• YOUR ASSIGNMENT:
In the listing below, find the line that contains "6월 4일 MLB 샌프란시스코" and the line that contains "Μέσα σ’ αυτό". Quote both and every line between them, exactly, and nothing more.

• DATA RECORDS:
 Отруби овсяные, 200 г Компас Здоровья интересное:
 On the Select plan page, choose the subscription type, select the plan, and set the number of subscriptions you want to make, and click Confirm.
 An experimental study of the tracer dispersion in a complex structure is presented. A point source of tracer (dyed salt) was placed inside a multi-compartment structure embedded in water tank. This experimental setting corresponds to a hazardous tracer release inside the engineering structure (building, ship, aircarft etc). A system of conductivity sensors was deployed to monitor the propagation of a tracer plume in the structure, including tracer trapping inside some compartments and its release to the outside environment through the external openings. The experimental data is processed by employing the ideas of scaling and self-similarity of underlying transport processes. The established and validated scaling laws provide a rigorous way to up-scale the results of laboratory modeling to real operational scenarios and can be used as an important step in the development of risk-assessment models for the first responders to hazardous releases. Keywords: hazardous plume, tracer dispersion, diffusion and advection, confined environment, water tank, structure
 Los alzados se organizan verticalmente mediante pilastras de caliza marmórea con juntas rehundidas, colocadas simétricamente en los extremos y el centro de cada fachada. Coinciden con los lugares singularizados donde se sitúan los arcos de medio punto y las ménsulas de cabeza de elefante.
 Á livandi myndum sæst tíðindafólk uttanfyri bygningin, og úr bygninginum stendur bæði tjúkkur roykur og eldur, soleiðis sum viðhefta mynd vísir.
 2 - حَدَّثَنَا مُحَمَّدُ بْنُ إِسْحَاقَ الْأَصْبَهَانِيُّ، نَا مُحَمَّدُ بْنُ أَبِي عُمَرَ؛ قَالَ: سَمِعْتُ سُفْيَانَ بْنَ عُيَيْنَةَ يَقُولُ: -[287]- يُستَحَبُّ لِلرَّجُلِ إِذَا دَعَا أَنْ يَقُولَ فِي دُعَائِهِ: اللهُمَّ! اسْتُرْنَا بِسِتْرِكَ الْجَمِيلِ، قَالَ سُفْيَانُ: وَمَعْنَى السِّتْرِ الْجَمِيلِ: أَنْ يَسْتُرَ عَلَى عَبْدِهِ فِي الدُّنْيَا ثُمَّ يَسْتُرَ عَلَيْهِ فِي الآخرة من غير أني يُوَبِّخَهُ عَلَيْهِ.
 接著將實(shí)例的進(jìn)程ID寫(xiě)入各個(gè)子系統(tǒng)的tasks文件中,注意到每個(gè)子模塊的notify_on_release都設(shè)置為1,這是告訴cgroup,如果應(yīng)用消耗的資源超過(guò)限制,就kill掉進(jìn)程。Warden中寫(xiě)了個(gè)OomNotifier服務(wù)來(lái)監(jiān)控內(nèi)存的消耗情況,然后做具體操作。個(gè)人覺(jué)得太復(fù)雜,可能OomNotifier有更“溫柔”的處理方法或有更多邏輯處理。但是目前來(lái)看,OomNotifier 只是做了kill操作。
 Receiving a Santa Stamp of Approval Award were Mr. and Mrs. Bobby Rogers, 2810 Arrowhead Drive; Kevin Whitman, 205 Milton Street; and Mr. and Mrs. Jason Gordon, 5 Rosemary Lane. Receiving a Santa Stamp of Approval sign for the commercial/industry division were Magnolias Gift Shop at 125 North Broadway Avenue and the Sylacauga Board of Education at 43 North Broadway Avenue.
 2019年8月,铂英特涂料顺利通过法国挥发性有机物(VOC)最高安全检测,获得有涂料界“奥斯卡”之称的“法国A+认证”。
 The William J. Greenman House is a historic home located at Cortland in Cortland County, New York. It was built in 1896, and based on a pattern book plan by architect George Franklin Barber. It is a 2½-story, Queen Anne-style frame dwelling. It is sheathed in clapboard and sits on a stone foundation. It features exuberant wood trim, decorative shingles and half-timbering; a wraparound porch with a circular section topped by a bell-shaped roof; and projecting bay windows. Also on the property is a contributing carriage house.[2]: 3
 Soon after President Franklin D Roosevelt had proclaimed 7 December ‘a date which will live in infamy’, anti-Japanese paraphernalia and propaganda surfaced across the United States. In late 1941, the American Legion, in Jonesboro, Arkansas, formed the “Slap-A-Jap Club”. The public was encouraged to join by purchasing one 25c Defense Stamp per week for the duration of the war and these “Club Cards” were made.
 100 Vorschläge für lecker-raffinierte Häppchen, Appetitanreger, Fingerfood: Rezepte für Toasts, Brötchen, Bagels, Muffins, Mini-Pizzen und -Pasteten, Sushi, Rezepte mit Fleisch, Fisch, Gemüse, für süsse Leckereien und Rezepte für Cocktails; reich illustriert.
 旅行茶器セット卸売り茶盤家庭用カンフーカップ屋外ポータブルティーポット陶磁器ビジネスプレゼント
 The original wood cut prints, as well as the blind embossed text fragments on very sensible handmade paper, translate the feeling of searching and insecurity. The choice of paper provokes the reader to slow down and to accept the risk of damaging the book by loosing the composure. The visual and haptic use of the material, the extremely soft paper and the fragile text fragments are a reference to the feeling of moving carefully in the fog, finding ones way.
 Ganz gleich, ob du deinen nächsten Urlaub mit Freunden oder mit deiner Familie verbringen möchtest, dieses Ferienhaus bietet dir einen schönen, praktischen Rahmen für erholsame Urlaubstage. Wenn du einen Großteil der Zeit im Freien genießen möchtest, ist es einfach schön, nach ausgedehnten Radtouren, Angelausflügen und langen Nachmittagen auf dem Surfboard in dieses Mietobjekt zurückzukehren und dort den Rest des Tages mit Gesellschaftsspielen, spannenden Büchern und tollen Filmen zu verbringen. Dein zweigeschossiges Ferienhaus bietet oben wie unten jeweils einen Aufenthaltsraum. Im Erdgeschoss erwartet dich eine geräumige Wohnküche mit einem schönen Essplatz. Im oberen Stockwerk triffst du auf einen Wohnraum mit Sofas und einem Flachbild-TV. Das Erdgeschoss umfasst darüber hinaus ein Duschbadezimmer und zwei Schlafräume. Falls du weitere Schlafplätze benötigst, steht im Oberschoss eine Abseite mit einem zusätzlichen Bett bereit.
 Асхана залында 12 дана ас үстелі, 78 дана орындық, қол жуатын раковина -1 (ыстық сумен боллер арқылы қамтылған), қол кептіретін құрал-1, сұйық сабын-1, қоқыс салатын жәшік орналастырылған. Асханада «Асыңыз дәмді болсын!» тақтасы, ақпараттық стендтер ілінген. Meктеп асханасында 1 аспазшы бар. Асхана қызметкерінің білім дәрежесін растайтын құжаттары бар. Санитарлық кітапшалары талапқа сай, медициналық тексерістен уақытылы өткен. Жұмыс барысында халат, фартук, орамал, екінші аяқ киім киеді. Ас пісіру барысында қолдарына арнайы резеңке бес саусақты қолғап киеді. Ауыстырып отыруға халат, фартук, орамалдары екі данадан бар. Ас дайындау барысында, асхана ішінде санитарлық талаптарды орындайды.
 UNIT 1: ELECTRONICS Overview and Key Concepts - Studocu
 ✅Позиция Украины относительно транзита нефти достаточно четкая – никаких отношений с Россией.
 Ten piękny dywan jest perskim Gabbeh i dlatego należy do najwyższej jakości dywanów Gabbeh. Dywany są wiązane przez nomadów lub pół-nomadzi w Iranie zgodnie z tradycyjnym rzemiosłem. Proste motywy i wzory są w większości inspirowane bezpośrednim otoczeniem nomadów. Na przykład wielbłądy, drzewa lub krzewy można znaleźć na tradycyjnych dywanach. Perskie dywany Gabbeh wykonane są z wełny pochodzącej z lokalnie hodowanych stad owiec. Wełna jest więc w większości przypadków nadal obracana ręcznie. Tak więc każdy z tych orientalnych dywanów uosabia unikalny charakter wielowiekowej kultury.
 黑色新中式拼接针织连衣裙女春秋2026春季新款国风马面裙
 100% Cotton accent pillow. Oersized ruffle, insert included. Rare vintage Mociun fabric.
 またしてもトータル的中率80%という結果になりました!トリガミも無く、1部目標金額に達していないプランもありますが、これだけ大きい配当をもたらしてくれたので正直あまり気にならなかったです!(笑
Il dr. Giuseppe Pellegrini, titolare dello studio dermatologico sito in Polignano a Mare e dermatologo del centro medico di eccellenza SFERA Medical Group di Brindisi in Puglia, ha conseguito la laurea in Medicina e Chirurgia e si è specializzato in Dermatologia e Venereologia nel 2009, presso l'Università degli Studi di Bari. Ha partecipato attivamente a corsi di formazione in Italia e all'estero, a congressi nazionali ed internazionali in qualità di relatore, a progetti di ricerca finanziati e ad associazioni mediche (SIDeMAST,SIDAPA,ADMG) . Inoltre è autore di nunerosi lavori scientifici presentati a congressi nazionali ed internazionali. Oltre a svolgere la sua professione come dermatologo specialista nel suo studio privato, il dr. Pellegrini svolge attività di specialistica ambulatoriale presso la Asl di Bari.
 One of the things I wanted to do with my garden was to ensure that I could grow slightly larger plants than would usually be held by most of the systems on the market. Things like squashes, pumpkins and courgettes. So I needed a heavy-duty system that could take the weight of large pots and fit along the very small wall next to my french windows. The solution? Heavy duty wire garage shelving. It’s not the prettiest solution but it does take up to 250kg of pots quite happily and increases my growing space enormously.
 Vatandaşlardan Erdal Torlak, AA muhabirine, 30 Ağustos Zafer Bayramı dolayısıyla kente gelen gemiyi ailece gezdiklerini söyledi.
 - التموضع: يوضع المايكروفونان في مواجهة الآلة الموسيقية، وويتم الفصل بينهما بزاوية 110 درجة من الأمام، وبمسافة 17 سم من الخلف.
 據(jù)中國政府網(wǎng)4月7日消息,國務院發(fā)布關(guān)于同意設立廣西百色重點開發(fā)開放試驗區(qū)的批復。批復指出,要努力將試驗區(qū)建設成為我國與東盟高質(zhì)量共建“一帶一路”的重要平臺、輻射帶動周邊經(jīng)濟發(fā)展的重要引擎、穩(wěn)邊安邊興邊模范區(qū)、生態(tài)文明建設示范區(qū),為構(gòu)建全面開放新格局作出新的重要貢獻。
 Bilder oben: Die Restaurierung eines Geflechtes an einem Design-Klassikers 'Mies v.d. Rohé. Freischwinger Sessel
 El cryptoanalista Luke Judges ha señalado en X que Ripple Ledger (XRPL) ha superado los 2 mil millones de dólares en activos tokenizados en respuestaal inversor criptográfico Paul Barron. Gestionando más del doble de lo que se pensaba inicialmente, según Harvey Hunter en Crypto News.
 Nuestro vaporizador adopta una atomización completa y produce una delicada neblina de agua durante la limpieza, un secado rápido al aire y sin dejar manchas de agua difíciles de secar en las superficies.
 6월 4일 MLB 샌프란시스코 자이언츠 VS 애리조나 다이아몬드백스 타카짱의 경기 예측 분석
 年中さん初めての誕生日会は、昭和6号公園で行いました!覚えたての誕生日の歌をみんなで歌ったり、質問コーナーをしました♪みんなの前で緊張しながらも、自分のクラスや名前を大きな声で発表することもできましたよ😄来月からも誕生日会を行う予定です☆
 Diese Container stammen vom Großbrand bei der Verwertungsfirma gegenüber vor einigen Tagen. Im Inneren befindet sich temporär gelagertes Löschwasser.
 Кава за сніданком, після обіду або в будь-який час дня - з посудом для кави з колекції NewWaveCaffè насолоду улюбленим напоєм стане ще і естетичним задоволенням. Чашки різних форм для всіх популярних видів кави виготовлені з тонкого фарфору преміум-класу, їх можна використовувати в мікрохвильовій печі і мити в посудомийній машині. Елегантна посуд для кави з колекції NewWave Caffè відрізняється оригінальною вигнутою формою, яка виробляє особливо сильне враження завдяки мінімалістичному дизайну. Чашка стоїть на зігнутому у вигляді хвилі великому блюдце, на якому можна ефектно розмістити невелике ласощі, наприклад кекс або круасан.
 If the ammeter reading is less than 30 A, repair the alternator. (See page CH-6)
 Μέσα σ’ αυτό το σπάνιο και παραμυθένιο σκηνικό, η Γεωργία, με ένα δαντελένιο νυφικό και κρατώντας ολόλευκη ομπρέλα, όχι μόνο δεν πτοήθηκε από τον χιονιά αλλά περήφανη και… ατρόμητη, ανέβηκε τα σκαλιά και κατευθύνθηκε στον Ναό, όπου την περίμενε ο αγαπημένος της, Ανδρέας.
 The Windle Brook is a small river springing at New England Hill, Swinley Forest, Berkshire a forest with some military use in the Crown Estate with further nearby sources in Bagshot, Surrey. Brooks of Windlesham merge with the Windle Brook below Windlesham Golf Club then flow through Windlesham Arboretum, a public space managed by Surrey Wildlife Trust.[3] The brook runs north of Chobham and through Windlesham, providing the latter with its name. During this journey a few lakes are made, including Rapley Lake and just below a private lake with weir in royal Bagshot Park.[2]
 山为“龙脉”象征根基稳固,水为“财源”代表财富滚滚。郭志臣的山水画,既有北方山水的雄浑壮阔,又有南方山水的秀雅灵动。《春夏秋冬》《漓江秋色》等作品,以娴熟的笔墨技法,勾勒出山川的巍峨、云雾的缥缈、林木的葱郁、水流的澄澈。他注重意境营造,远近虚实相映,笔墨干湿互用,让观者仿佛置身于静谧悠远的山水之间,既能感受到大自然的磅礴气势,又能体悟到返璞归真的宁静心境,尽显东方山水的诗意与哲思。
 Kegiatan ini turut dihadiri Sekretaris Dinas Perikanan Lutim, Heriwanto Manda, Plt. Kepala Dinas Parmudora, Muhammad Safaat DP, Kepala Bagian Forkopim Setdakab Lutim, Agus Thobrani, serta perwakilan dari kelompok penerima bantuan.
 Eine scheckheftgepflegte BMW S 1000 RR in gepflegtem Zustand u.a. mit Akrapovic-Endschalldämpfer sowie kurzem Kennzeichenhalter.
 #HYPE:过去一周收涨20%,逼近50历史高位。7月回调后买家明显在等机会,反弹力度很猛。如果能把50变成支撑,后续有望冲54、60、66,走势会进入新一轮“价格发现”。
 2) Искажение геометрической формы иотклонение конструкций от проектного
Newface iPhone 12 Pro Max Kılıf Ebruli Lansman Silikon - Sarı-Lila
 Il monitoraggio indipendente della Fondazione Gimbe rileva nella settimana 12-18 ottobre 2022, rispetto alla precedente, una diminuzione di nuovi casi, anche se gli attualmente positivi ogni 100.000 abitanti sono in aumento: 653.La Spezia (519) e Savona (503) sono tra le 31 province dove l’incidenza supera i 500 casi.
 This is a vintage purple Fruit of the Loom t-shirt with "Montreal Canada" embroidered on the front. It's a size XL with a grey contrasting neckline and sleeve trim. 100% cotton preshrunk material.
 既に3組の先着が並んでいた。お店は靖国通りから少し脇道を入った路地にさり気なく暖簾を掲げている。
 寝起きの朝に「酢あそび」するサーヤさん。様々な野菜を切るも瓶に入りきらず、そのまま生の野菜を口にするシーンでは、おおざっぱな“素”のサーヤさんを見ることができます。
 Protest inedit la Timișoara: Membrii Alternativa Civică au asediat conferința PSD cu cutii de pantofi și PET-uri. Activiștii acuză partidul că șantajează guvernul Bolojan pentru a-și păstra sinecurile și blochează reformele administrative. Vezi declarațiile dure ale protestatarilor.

• RESPONSE TO THE EXERCISE:
 6월 4일 MLB 샌프란시스코 자이언츠 VS 애리조나 다이아몬드백스 타카짱의 경기 예측 분석
 年中さん初めての誕生日会は、昭和6号公園で行いました!覚えたての誕生日の歌をみんなで歌ったり、質問コーナーをしました♪みんなの前で緊張しながらも、自分のクラスや名前を大きな声で発表することもできましたよ😄来月からも誕生日会を行う予定です☆
 Diese Container stammen vom Großbrand bei der Verwertungsfirma gegenüber vor einigen Tagen. Im Inneren befindet sich temporär gelagertes Löschwasser.
 Кава за сніданком, після обіду або в будь-який час дня - з посудом для кави з колекції NewWaveCaffè насолоду улюбленим напоєм стане ще і естетичним задоволенням. Чашки різних форм для всіх популярних видів кави виготовлені з тонкого фарфору преміум-класу, їх можна використовувати в мікрохвильовій печі і мити в посудомийній машині. Елегантна посуд для кави з колекції NewWave Caffè відрізняється оригінальною вигнутою формою, яка виробляє особливо сильне враження завдяки мінімалістичному дизайну. Чашка стоїть на зігнутому у вигляді хвилі великому блюдце, на якому можна ефектно розмістити невелике ласощі, наприклад кекс або круасан.
 If the ammeter reading is less than 30 A, repair the alternator. (See page CH-6)
 Μέσα σ’ αυτό το σπάνιο και παραμυθένιο σκηνικό, η Γεωργία, με ένα δαντελένιο νυφικό και κρατώντας ολόλευκη ομπρέλα, όχι μόνο δεν πτοήθηκε από τον χιονιά αλλά περήφανη και… ατρόμητη, ανέβηκε τα σκαλιά και κατευθύνθηκε στον Ναό, όπου την περίμενε ο αγαπημένος της, Ανδρέας.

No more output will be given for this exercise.